In one of the most bizarre games of the Week 2 schedule, Washington State upset USC 10-7 in a sloppy game from start to finish.
Neither offense could get going, there were numerous penalties from both teams and it was the Cougars defense that made the biggest plays when it counted most to pull off the shocking victory.
But what did this game teach us?
Well, besides the fact that USC has major concerns and Washington State isn't as bad as most thought, there was a lot to take away from this poorly played game.
Win or lose, USC shouldn't be a ranked team.
The Trojans barely knocked off Hawaii in the season opener and now lost to Washington State, a school that won three games last season.
USC began the season ranked simply off of its name, and was then given the benefit of the doubt in a close contest against the Warriors.
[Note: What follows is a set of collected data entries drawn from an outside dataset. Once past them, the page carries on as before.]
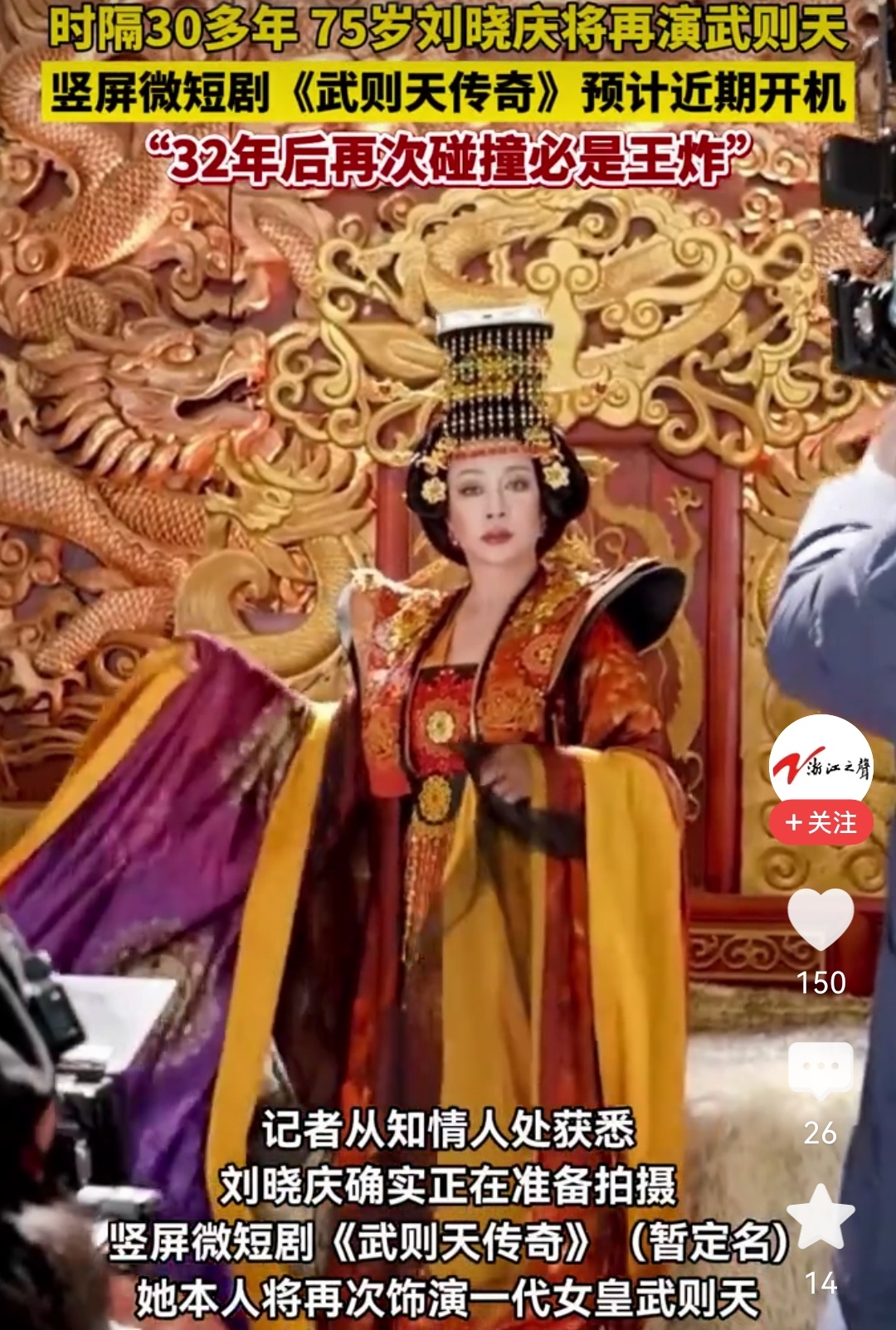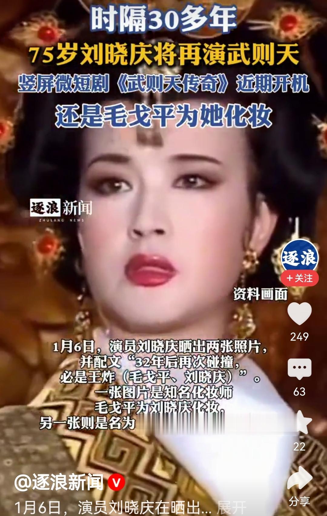 说真的,刷到刘晓庆官宣第五次演武则天的消息,我当场愣了三秒。75岁啊,放别人身上早该含饴弄孙享清福,她倒好,直接拉着老搭档毛戈平杀进微短剧赛道,一句“32年后再次碰撞,必是王炸”,硬是把话题热度冲上亿级。咱就想问,这到底是情怀杀疯了,还是老戏骨想在新赛道再创神话?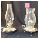 - Oil Lamp And Pewter Hurricane Wall Sconce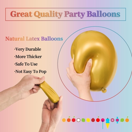 Seturile mici de baloane metalice de înaltă calitate folosesc latex îngroșat și elastic. Au o suprafață lucioasă ca o oglindă. Lumina se reflectă asupra lor. Creează un efect metalic bogat, strălucitor. Baloanele obișnuite din latex arată plate și mate. Aceste baloane se simt de ultimă generație. De asemenea, atrage atenția imediat.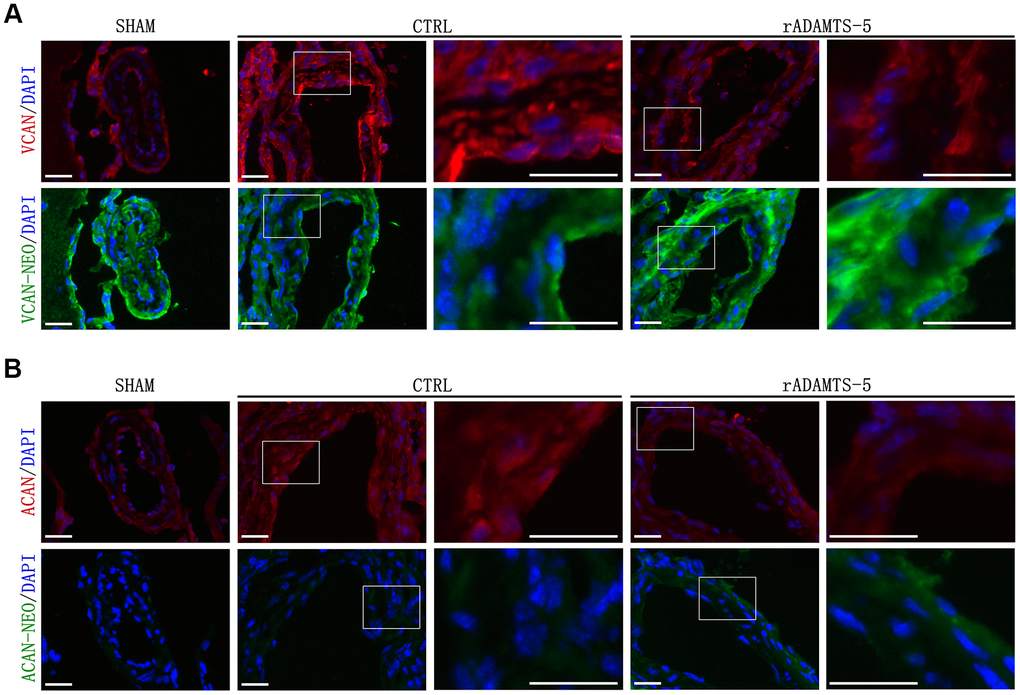 For both human and mouse tissue samples, cryomicrotome-cut transversal sections (10 μm) were collected on polylysine slides and stored at −80° C before staining. Briefly, mouse and human tissue sections were blocked with 5% normal goat serum containing 0.1% Triton X-100 for 60 min (room temperature). Sections were incubated overnight with the following primary antibodies: collagen IV (Southern Biotech, Birmingham, AL, USA); ADAMTS-5, MOMA-2, versican-neo (the DPEAAE neoepitope of versican, neoepitope on versican generated by ADAMTS cleavage), and aggrecan (Abcam, Cambridge, MA, USA); aggrecan-neo (the NITEGE neoepitope of aggrecan) and versican (Thermo Fisher Scientific, Waltham, MA, USA). The sections were then incubated with the appropriate secondary antibody (Alexa Fluor 488, 594, or 647, and FITC or Cy3, Abcam). The sections were washed and coverslipped with antifade medium containing DAPI (Abcam), and images were digitally captured using an Olympus FluoView 1200 confocal microscope, followed by analysis using Image J (NIH, USA) software.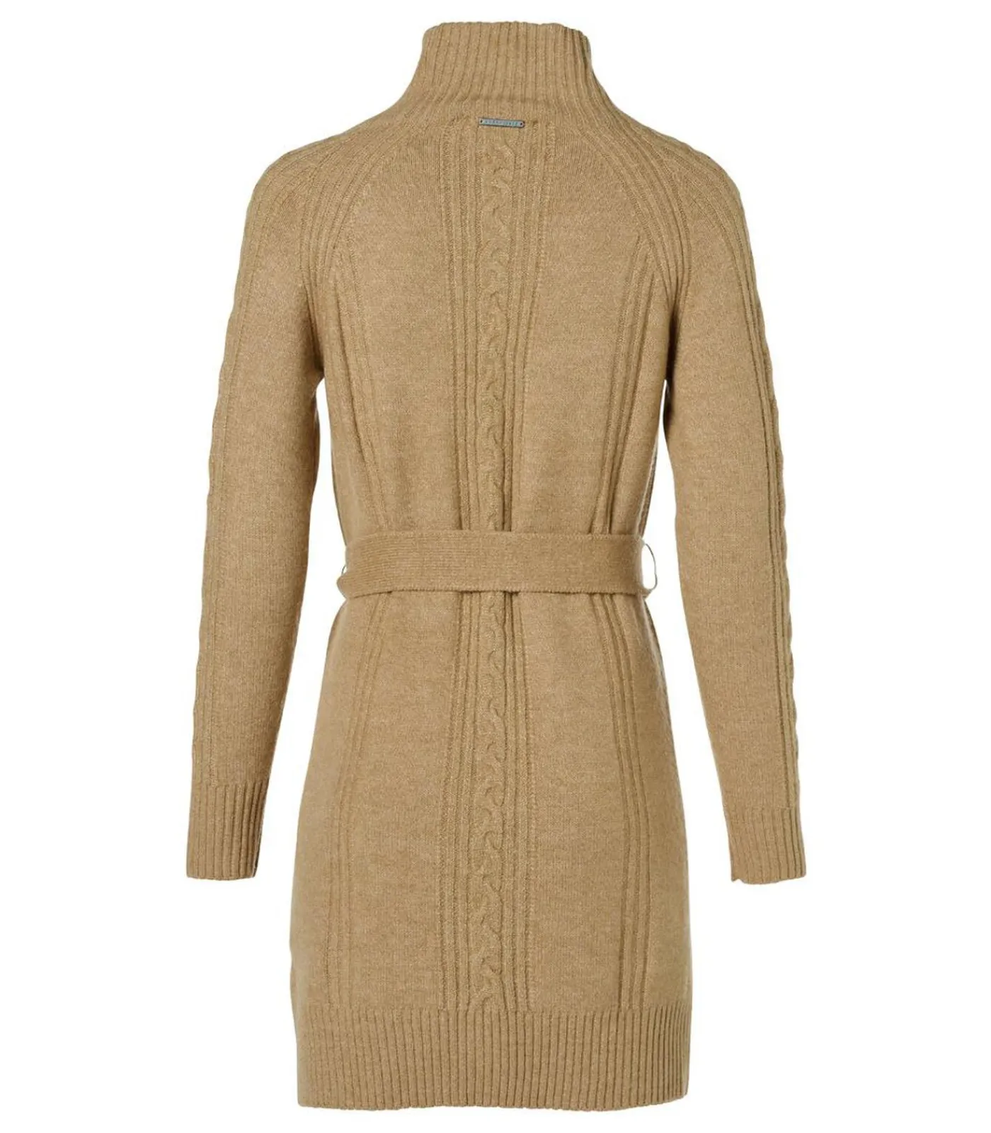 Deze zandkleurige kabelgebreide tuniek met col van Mart Visser combineert elegantie, comfort en een luxe uitstraling. Ontworpen voor de moderne vrouw die houdt van knitwear met karakter, biedt de tuniek een tijdloze zandkleur die harmonieus contrasteert met subtiel gouden lurexgaren, voor een verfijnde glans en een subtiel feestelijk effect. Het kabelpatroon op het voorpand en de mouwen geeft diepte en structuur, terwijl de col en brede ribboorden zorgen voor een eigentijdse, stijlvolle finish. De tuniek is vervaardigd uit een hoogwaardige materiaalmix van 30% polyester, 27% nylon, 25% acryl, 15% wol en 3% spandex, waardoor hij zacht, licht elastisch en vormvast is. Raglanmouwen bieden extra bewegingsvrijheid en een casual, sportieve touch. Met het bijgeleverde los strikceintuur kun je de taille accentueren en zo een vrouwelijke, elegante look creëren. Een subtiel metalen Mart Visser–logo op de achterkant voegt een luxe detail toe. De tuniek valt iets over de heup en is ideaal te combineren met een strakke jeans, legging of panty. Voor een chique city look draag je hem met hoge laarzen en een trenchcoat; voor een ontspannen daglook combineer je met enkellaarsjes en een crossbody tas. De warme zandkleur laat zich gemakkelijk combineren met neutrale tinten zoals crème, bruin of olijfgroen, maar ook met warme metallics zoals goud en koper.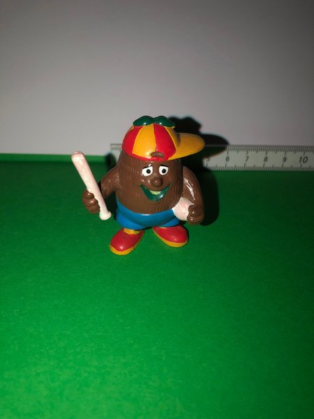 Denne samlefigur forestiller en baseballspiller med en rød og gul kasket, blå shorts og røde sko. Figuren holder et hvidt baseballbat i den ene hånd og en hvid baseball i den anden. Den er lavet af plastik og har en højde på cirka 7 cm.

However, this loss was beyond pathetic and proves that USC is no longer the powerhouse it used to be.
The talent is still there, but that's not amounting to much at the moment.
Washington State isn't a Pac-12 contender by a long shot, but it is a team that can help determine who make it to the conference championship.
The defense was incredibly physical and all over the talented USC wide receivers. While a lack of production should be blamed on poor play-calling and lousy quarterback play, the Cougars also did a good job of holding their own. They were quick to the ball, made plays when they had to and did a solid job of tackling.
With Mike Leach at head coach, the offense should only improve. And remember, not every Pac-12 team has a defense as talented as USC's.
Washington State nearly upset Auburn and now beat USC. The rest of the Pac-12 shouldn't consider this team an easy win.
Damante Horton made a name for himself in Washington State's victory.
The senior cornerback, who had four interceptions as a sophomore, had two picks in this game, including one that was returned 70 yards for a touchdown. Horton did a nice job of blanketing the USC wide receivers, but he also did a wonderful job of playing the ball and taking advantage of badly timed passes.
This was an ugly game, but it's the team that makes the most plays that usually wins. Horton game up with two difference-making plays and should be given the majority of the credit for this victory.
The one thing USC fans can be proud of is its defense.
The Trojans held Washington State to only 12 first downs, 222 total yards and forced three turnovers. The defensive pressure consistently got to quarterback Connor Halliday, and the secondary made plenty of plays on the ball.
The Cougars converted only five of 15 third-down attempts and were forced to punt six times.
This loss shouldn't be blamed on the defense, a unit that will give USC a fighting chance once heading into the heart of the Pac-12 schedule.
Silas Redd, who?
The senior running back missed his second straight game due to a knee injury, but he wasn't missed in a losing effort. Running back Tre Madden was the only bright spot for the Trojans offense, carrying the ball 32 times for 151 yards. He consistently moved the chains and showed that he has what it takes to be the workhorse running back for this offense.
It would be nice to get Redd back in uniform, as he does have more than 2,500 rushing yards in his career. However, getting him back on the field isn't going to make or break USC's offense moving forward.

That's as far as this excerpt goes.